En primer lugar, un uso renovable y racional de los recursos naturales,
lo que supone otra filosofía de la relación con la naturaleza: no más
explotación sin límites de una materia, el objeto en este caso de la
ganancia, sino el respeto de lo que es fuente de vida. Las sociedades
del socialismo llamado real, poco innovaron en esta materia
En
segundo lugar, privilegiar el valor de uso sobre el valor de cambio, lo
que significa otra definición de la economía: no más producción de un
valor añadido, fuente de acumulación privada, sino la actividad que
garantiza las bases de la vida, material, cultural y espiritual de
todos los seres humanos en todo el mundo. Las consecuencias lógicas son
considerables. Desde este momento, el mercado sirve de regulador entre
la oferta y la demanda, en vez de incrementar las tasas de ganancias de
una minoría. El derroche de materias primas y de energía, la
destrucción de la biodiversidad y de la atmósfera, son enfrentadas,
tomando en consideración las “externalidades” ecológicas y sociales.

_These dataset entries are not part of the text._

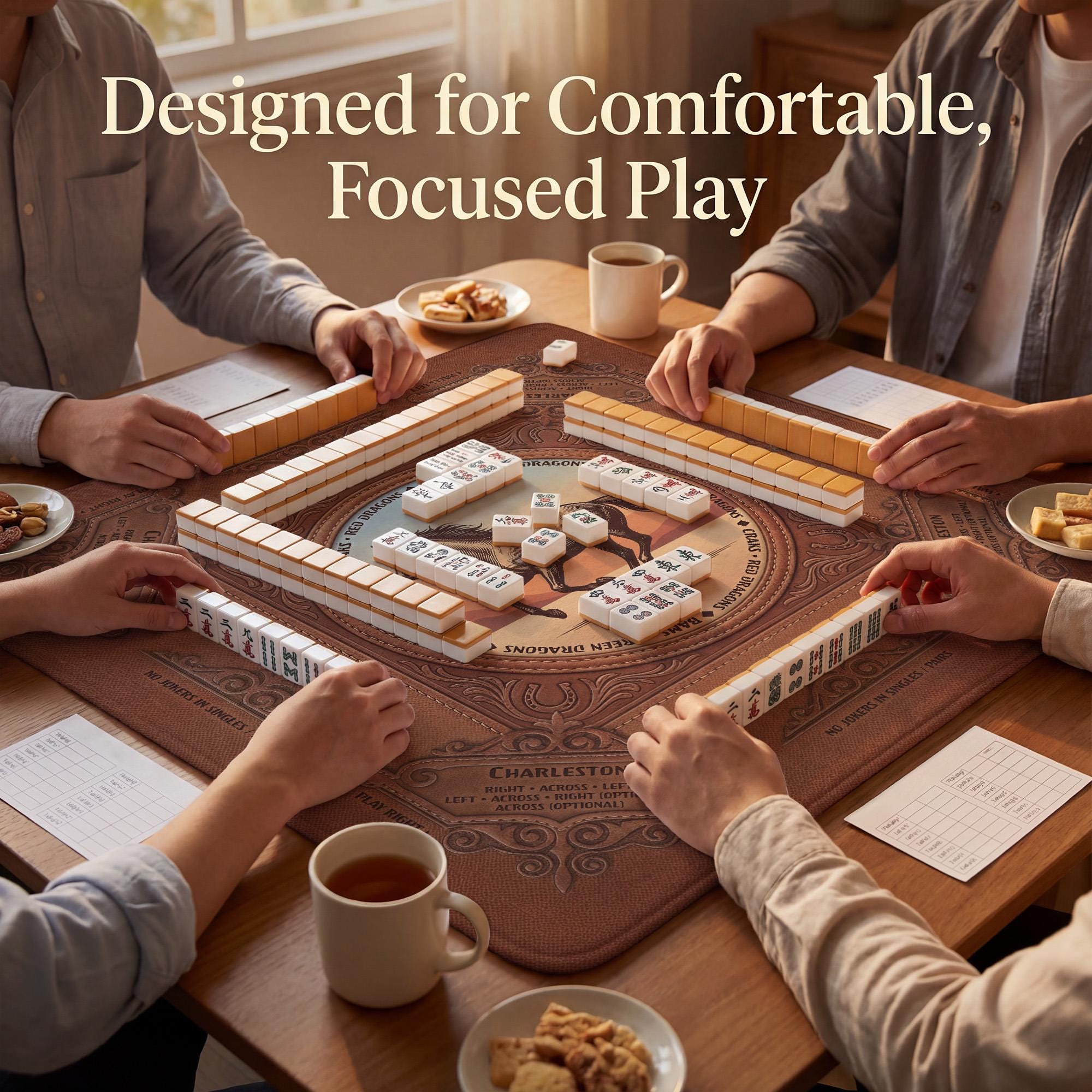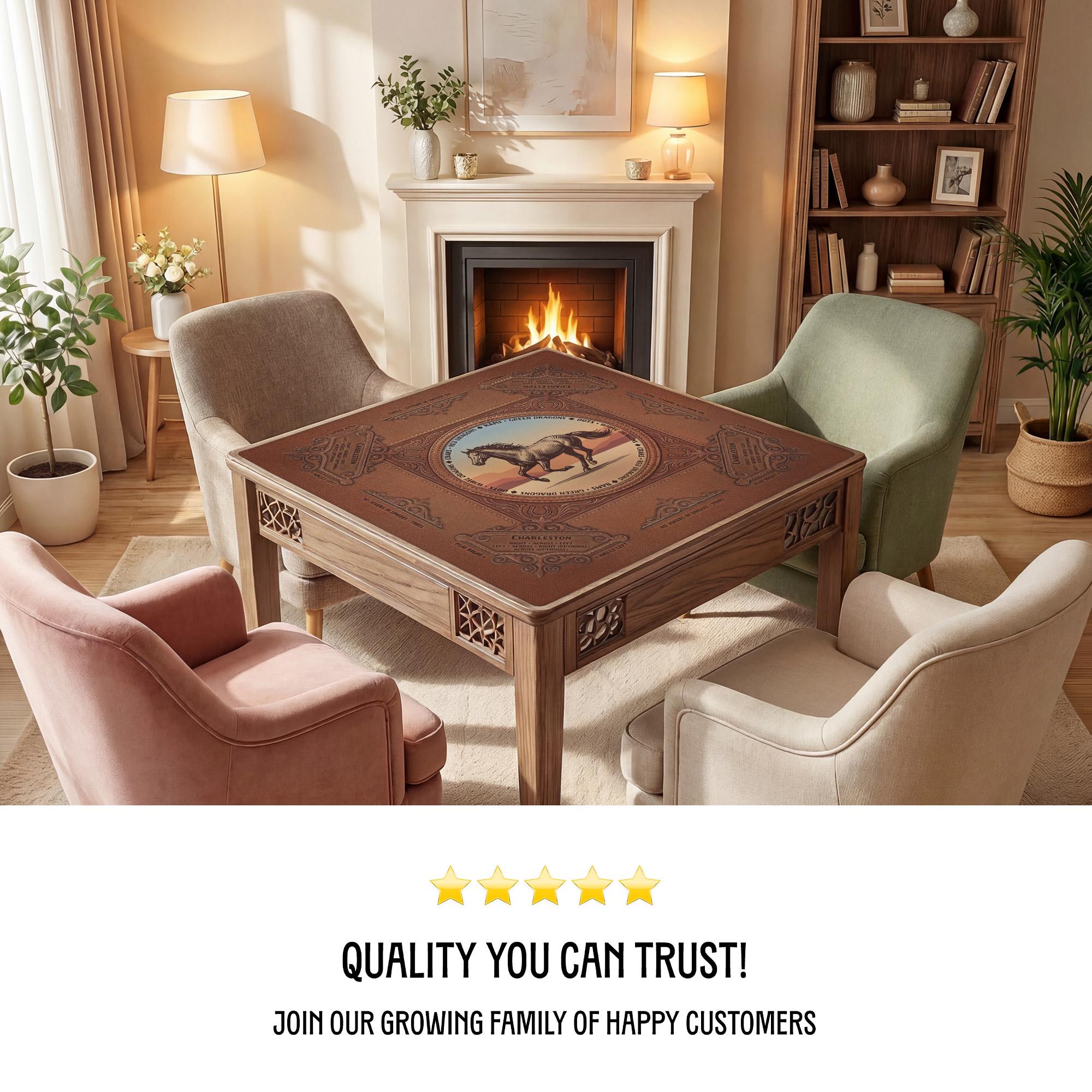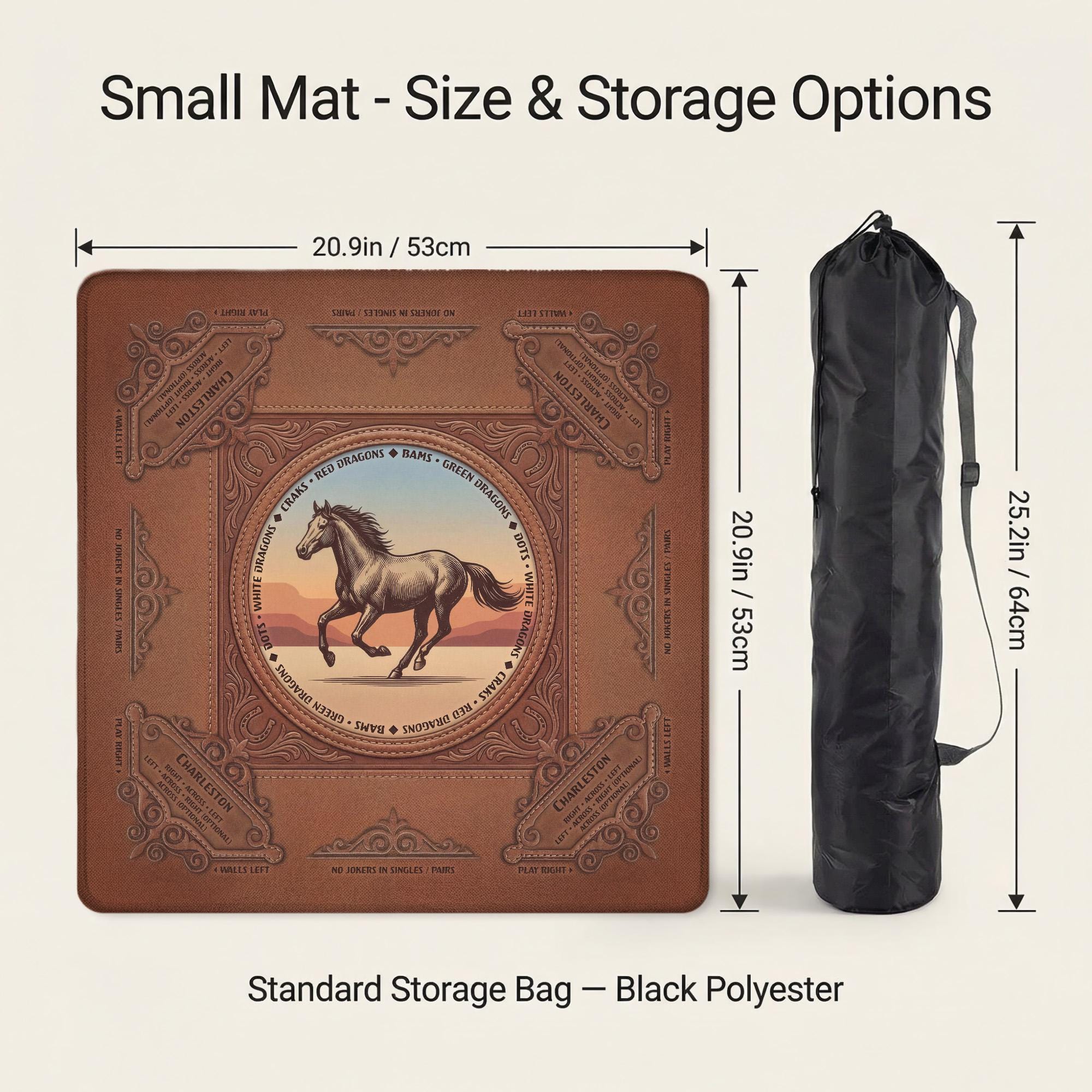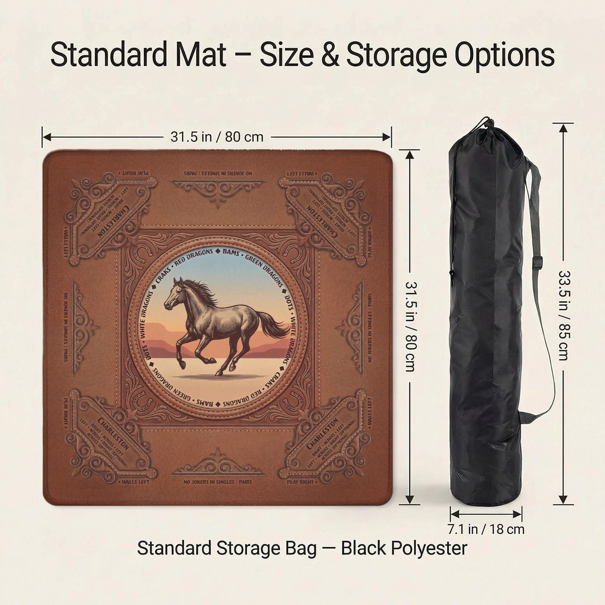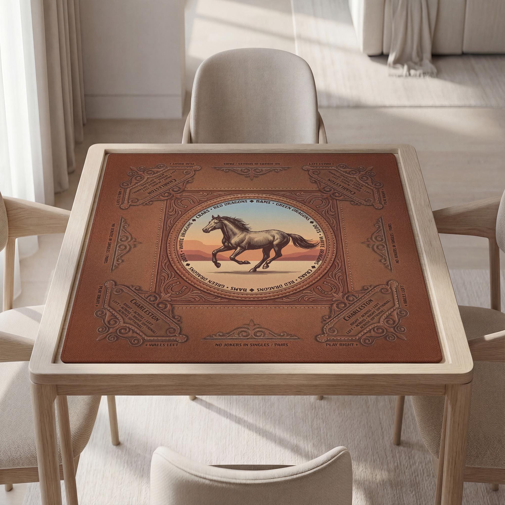 Discover the perfect blend of vintage western horse decor and practical design with this custom mahjong mat, crafted to enhance your game nights with a quiet game surface and a non slip table pad backing. Inspired by classic American mahjong traditions, this mat features a soft polyester top that reduces tile noise while providing smooth play. Whether you choose the travel size or standard size mat, each piece rolls up neatly into a convenient roll up carry pouch for easy transport.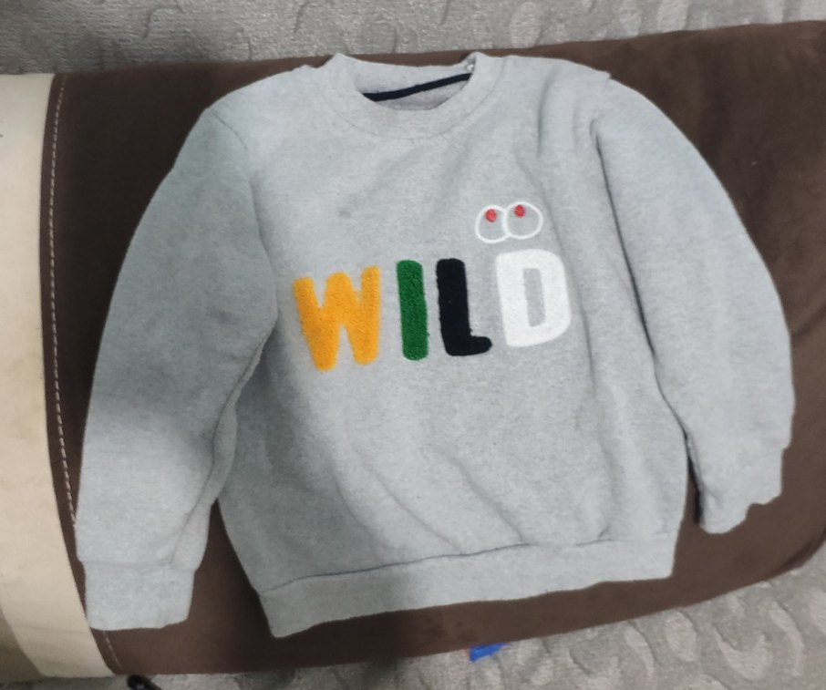 Gri renkli, uzun kollu, bisiklet yaka ve bol kesim erkek çocuk sweatshirtü. Yumuşak ve sıcak kumaştan, önünde renkli "WILD" baskısı ve örme detaylar bulunur.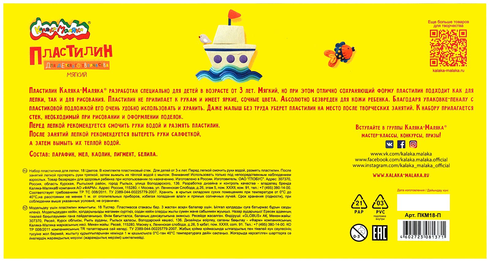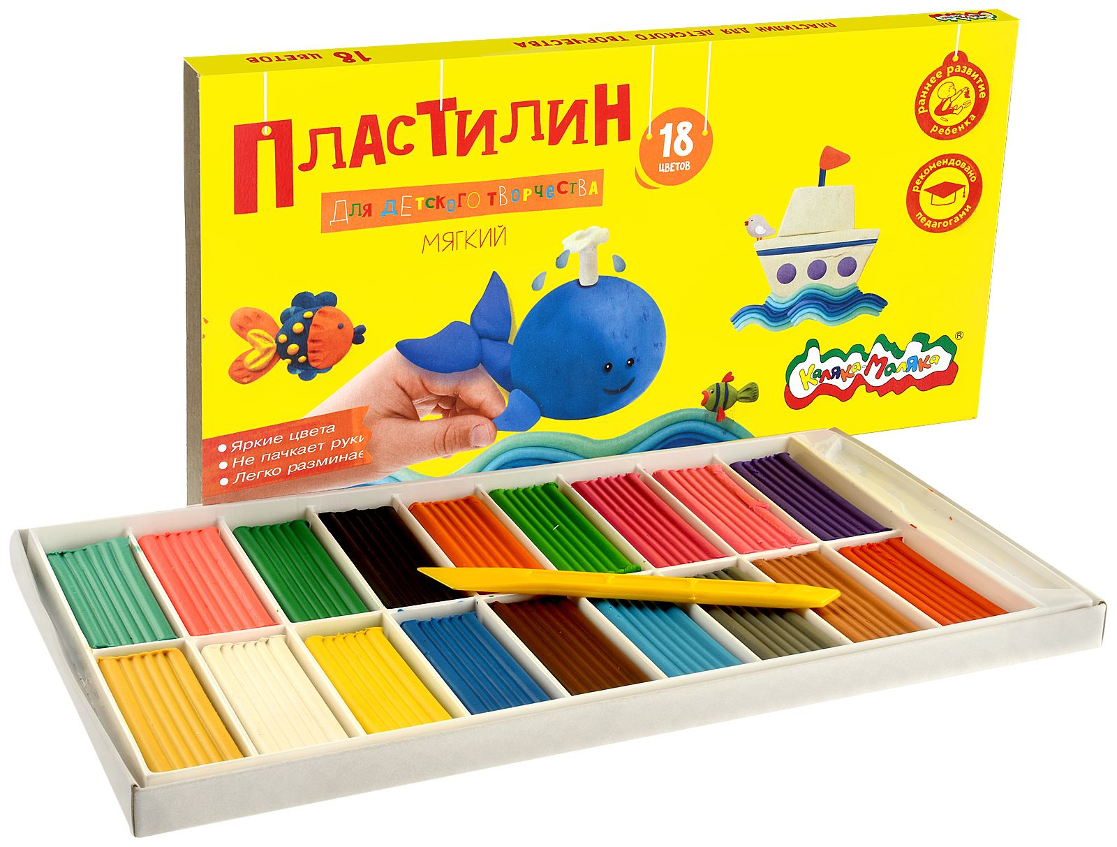 Цвет: ассорти Количество цветов: 18 Наличие европодвеса: Нет Упаковка: картонная упаковка Наличие стека: со стеком Набор: Да Мин. партия и варианты упаковок: 1 / 10 Пластилин Каляка-Маляка 18 цветов 360 г ассорти, со стеком
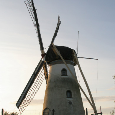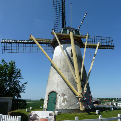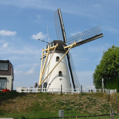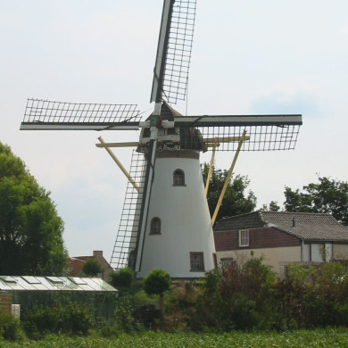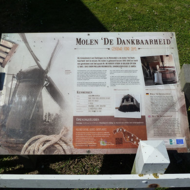 Korenmolen "De Dankbaarheid". Witgepleisterde molen met ronde, gemetselde romp, blijkens een gevelsteen uit 1841. Gerestaureerd.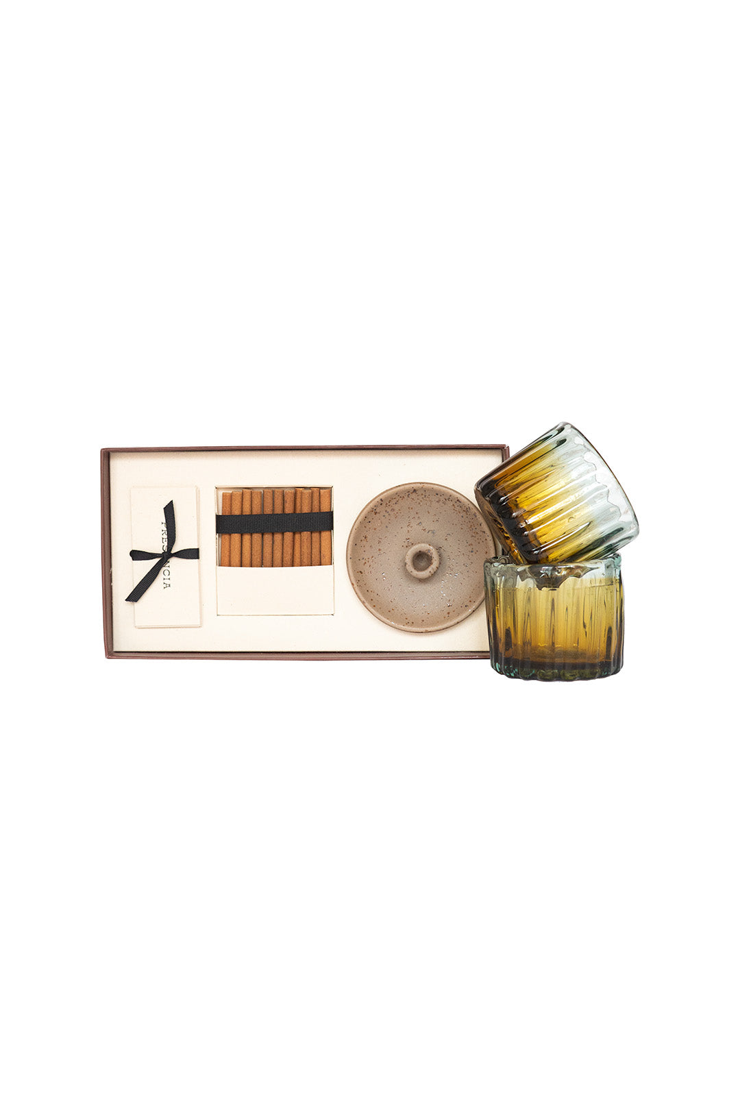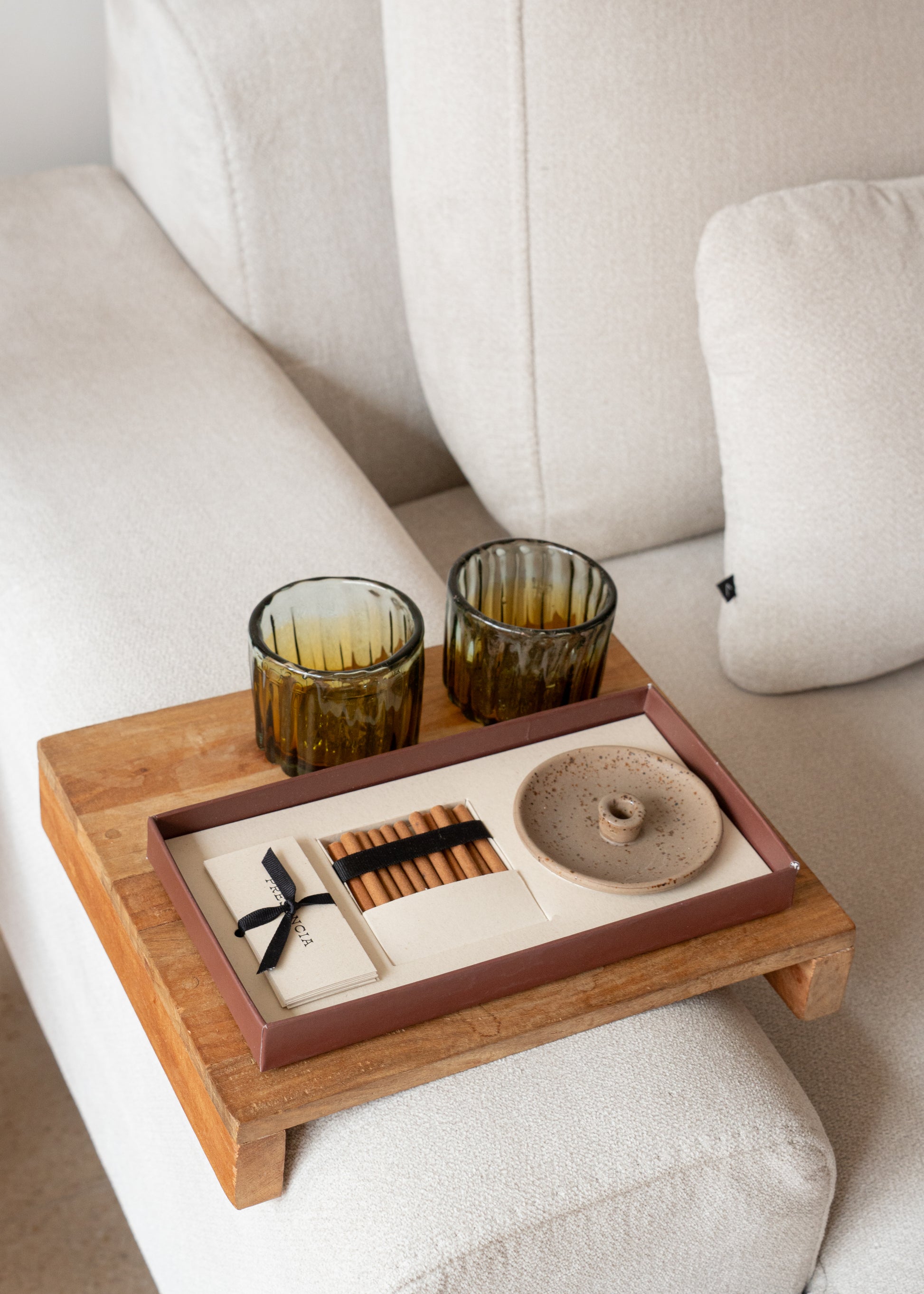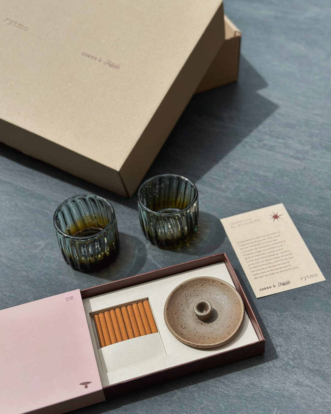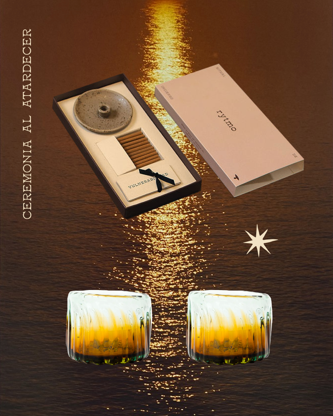 Al atardecer el cielo nos recuerda la importancia de pausar. Este ritual es una invitación a honrar ese momento de transición: encender el incienso, elegir una palabra que guíe tu intención, y dejar que el humo te ancle al presente. Celebrar junto con los vasos ocaso sirviendo tu bebida favorita y permitiendo que los colores y transparencia de cada pieza te recuerden que lo efímero también es extraordinario.

Las prioridades de la producción de bienes y servicios cambian de
lógica.
Un
tercer eje es la generalización de la democracia, no solo aplicada al
sector político por una democracia participativa, sino también dentro
del sistema económico, en todas las instituciones, y entre los hombres
y las mujeres. Una concepción participativa del Estado se deriva
necesariamente de esto, así como una reivindicación de los derechos
humanos en todas sus dimensiones, individuales y colectivas. La
subjetividad vuelve a encontrar un lugar.
Finalmente, el
principio de multiculturalidad entra a complementar estos tres ejes. Se
trata de permitir a todos los saberes, aún tradicionales, de participar
en la construcción de alternativas, a todas las filosofías y las
culturas, quebrando el monopolio de la occidentalización, a todas las
fuerzas morales y espirituales capaces de promover la ética necesaria.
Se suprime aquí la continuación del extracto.